Software empire in decline, Microsoft, has angered developers by insisting on delaying the launch of Windows 8.1 until mid October.
Normally the Vole would have a "release to manufacturing" build of its software several weeks before the code reaches the great unwashed.
This early availability lets developers polish their work and testing so that their apps are available when the OS launches.
However, this is the new Microsoft, which has a reputation for messing up everything. The Vole has confirmed that although Windows 8.1 has reached the RTM milestone and been passed to computer- and tablet-making OEMs, subscribers to the Microsoft Developer Network will not get the final code until the public does on 17 October.
While the RTM system has worked really well for a couple of decades, Microsoft is now saying that it's much better to keep the unfinished code out of the hands of its partners.
After all, Apple would never let its code out before it was ready, and Microsoft is banking on copying Apple these days. Of course Apple code usually ships buggy and does not have the same amount of code available on the first day, but at least you have secrecy on your side.
Antoine Leblond, a Microsoft spokesperson, wrote in a blog that in the old days software was ready for broader customer use. "However, it's clear that times have changed." Apparently Microsoft does not want to repeat successful formulas any more.
Developers raged against the decision in comments on another Microsoft blog that told programmers to write and test their apps against Windows 8.1 Preview.

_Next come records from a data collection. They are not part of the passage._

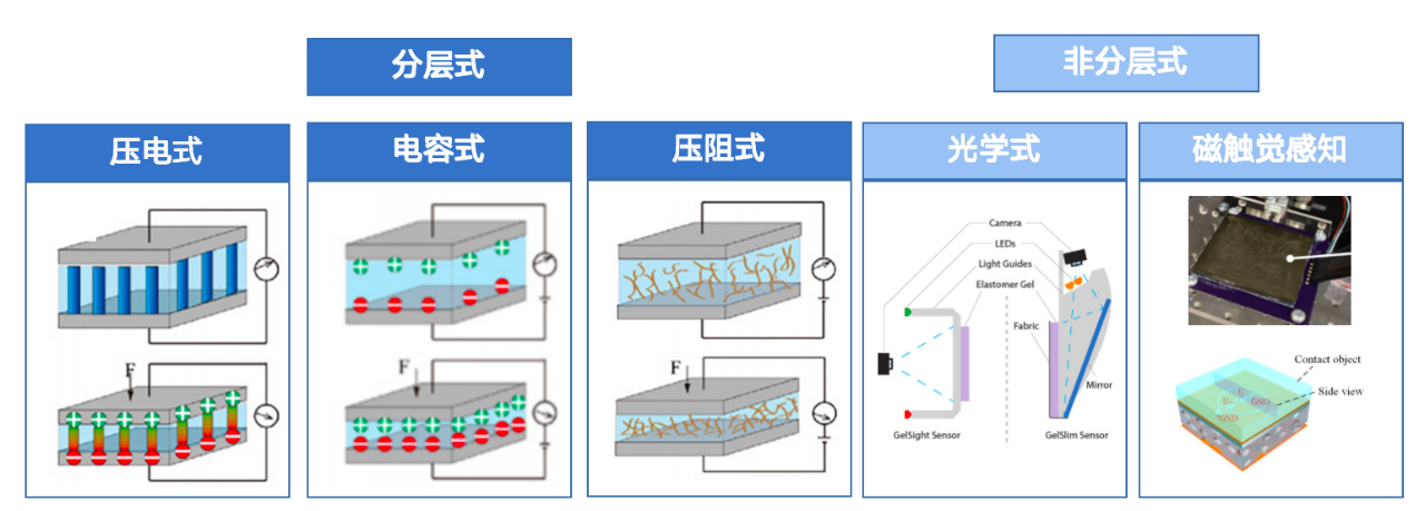 分类:基于不同的工作原理,可以将触觉传感器分为压阻式、电容式、压电式、光学式和磁触觉感知式等。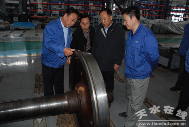 11月8日,甘肅省國資委主任馬艾武一行數(shù)人,在天水市國資委有關(guān)部門領(lǐng)導(dǎo)的陪同下來工業(yè)園生產(chǎn)現(xiàn)場調(diào)研生產(chǎn)經(jīng)營情況。星火機(jī)床公司黨委書記、副總經(jīng)理王永革,常務(wù)副總經(jīng)理劉勝接待并陪同參觀生產(chǎn)現(xiàn)場。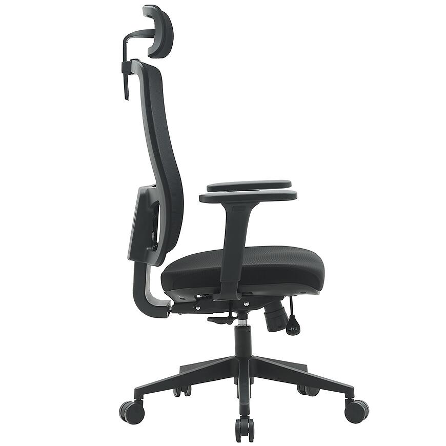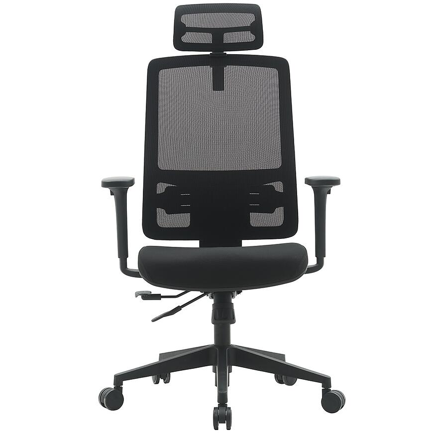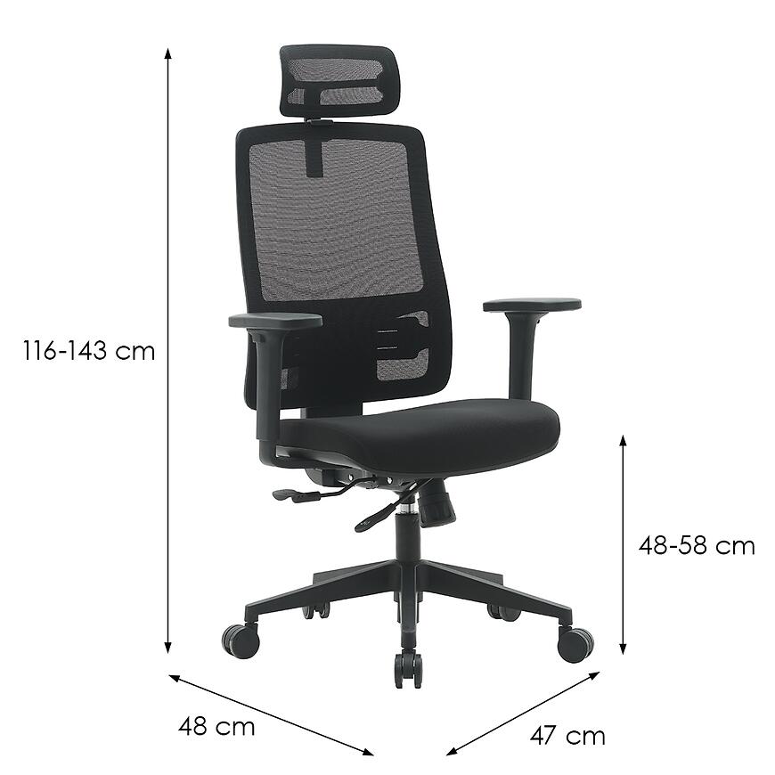 Ergonomiczny fotel biurowy Popstar Mesh Lux czarny zapewnia wygodę i pełne dopasowanie do użytkownika. Wyposażony w regulowane podłokietniki, zagłówek i oparcie, wspiera prawidłową postawę podczas pracy. Siedzisko wypełnione pianką gwarantuje komfort, a tapicerka z siatki i tkaniny dba o przewiewność. Regulacja wysokości siedziska 48–58 cm i całkowitej wysokości 116–143 cm pozwala dopasować fotel do indywidualnych potrzeb.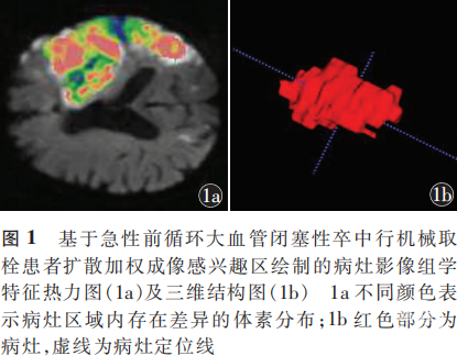 1.5.1 图像分割与标注:使用ITK-SNAP软件导入DICOM格式的MR文件,在DWI序列中将高信号区域作为感兴趣区连续分割并标注(图1a,1b)。完成分割标注后生成相应图像与蒙版Nifti格式文件,进行图像标准化处理后,以2mm×2mm×2mm像素进行图像重采样。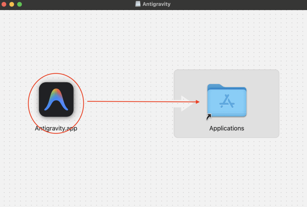 次に画面左の「Antigravity.app」を右の「Applications」にドラッグ&ドロップしてインストールします。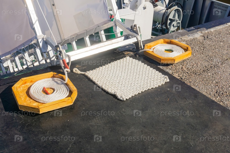 Морская традиция: белоснежный коврик, сплетенный из веревки, перед трапом подчеркивает чистоту палубы корабля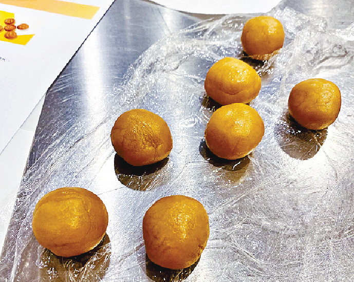 总括而言,炮制月饼只需耐心地按步骤处理,先搓外皮面团,再搓莲蓉馅,然后酿入咸蛋黄,将之包裹和压模便可烘焙,然而最难是月饼做到皮薄馅靓的传统手艺。 以是次课堂的迷你月饼为例,大家需以14克饼皮裹着44克年蓉馅料,稍一不慎,外皮便会出现裂痕,继而影响外观,还好在烹饪班师傅的指导下,轻轻以手将裂纹抚平便可做到完美无瑕。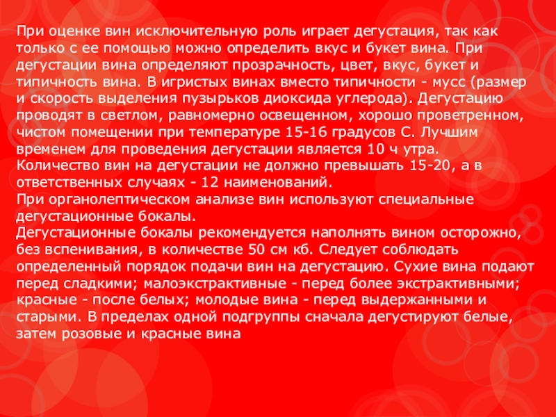 Слайд 22При оценке вин исключительную роль играет дегустация, так как только с

One developer said that if the world was inhabited by pink unicorns and pixie dust, Microsoft's suggestion could work. But, "we live in the real world last time I looked out the window. In the real world, developers must have access to the RTM bits before [general availability]. The fact that Microsoft no longer seems to understand this truly frightens me".
Another said it was unacceptable to code with the laggy Windows 8.1 Preview or wait for performance testing under RTM and hope everything is fixed.
"How is it Microsoft can develop their apps to work on RTM code yet independent software vendors who are supporting your platform don't get the same benefit?" the developer asked.